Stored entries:
=== Begin Enclosure ===

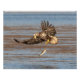 An immature bald eagle looks down at the fish it dropped.
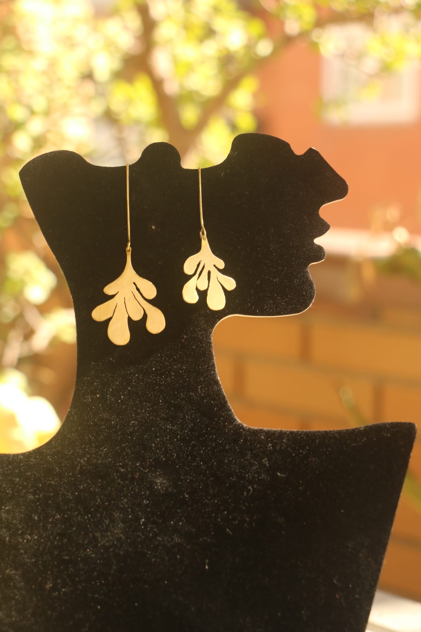 Pendientes inspirados en formas naturales que evocan el fluir del agua y las ramas del bosque.
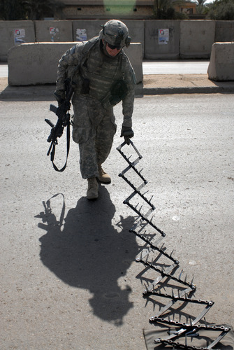 A US Army soldier deploying a 'stinger' at a vehicle check point in Iraq.
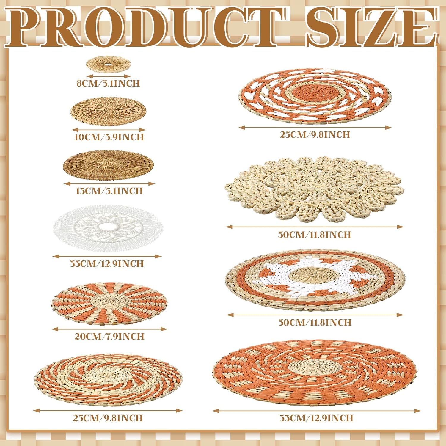 • Wide Range of Applications: boho basket wall decor set as placemats, or as decorative baskets to store toys and accessories, the rustic basket wall art is suitable for many occasions, such as hotels, restaurants, living rooms, bedrooms, schools, stores, offices, dorms, shops, spring, summer and more, bringing you an elegant and classic feeling
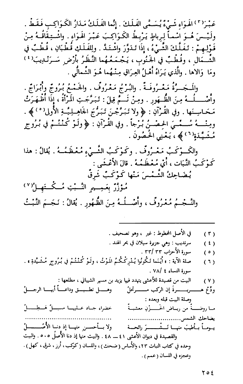 عبرَ الهواءِ شيءٌ يسمَّى الفلكَ. إنَّما الفلكُ مدارُ الكواكبِ فقطْ. وليسَ هوَ اسماً لرباطٍ يربطُ الكواكبَ عبرَ الهواءِ. واشتقاقُهُ منْ قولهمْ: تفلَّكَ الشَّيءُ، إِذَا تدوَّرَ واشتدَّ. وللفلكِ قطبانِ، قطبٌ فِي الشِّمالِ، وقطبٌ فِي الجنوبِ، يجمعهُما النَّظرُ بأرضِ سرنديبَ وما والاها. والّذي يراهُ أهلُ العراقِ منْهما هوَ الشِّمالُّي.
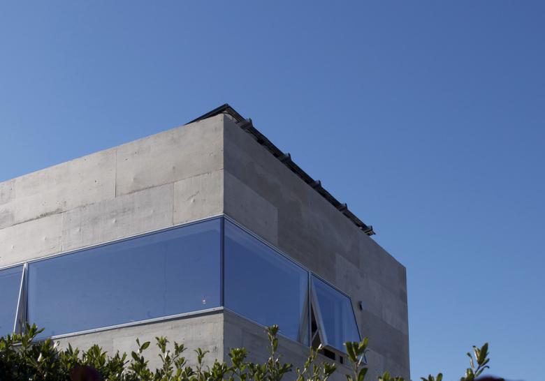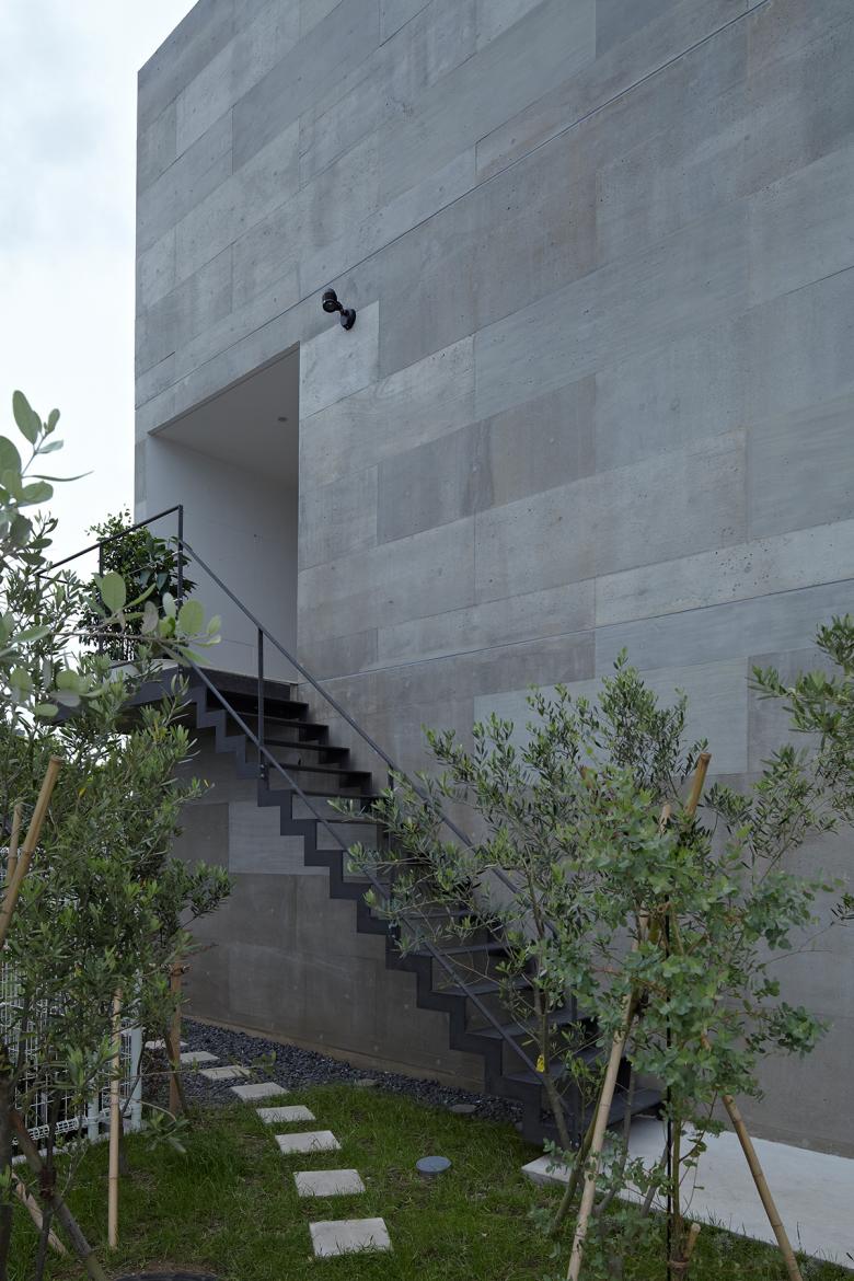 そして、周囲の良好な環境に馴染ませる目的で、古くからある山手のBluff Load(石積擁壁)の様子を建物の外壁に抽象的に表現する事を目的とし、一般的には嫌がられるコンクリート型枠からの灰汁を自然発生させ、赤・白・茶・黄とコンクリートに転写し、よりオーガニックな仕上げを施している。

=== End Enclosure ===

Reproduce the data word for word without its images.

 An immature bald eagle looks down at the fish it dropped.
 Pendientes inspirados en formas naturales que evocan el fluir del agua y las ramas del bosque.
 A US Army soldier deploying a 'stinger' at a vehicle check point in Iraq.
 • Wide Range of Applications: boho basket wall decor set as placemats, or as decorative baskets to store toys and accessories, the rustic basket wall art is suitable for many occasions, such as hotels, restaurants, living rooms, bedrooms, schools, stores, offices, dorms, shops, spring, summer and more, bringing you an elegant and classic feeling
 عبرَ الهواءِ شيءٌ يسمَّى الفلكَ. إنَّما الفلكُ مدارُ الكواكبِ فقطْ. وليسَ هوَ اسماً لرباطٍ يربطُ الكواكبَ عبرَ الهواءِ. واشتقاقُهُ منْ قولهمْ: تفلَّكَ الشَّيءُ، إِذَا تدوَّرَ واشتدَّ. وللفلكِ قطبانِ، قطبٌ فِي الشِّمالِ، وقطبٌ فِي الجنوبِ، يجمعهُما النَّظرُ بأرضِ سرنديبَ وما والاها. والّذي يراهُ أهلُ العراقِ منْهما هوَ الشِّمالُّي.
 そして、周囲の良好な環境に馴染ませる目的で、古くからある山手のBluff Load(石積擁壁)の様子を建物の外壁に抽象的に表現する事を目的とし、一般的には嫌がられるコンクリート型枠からの灰汁を自然発生させ、赤・白・茶・黄とコンクリートに転写し、よりオーガニックな仕上げを施している。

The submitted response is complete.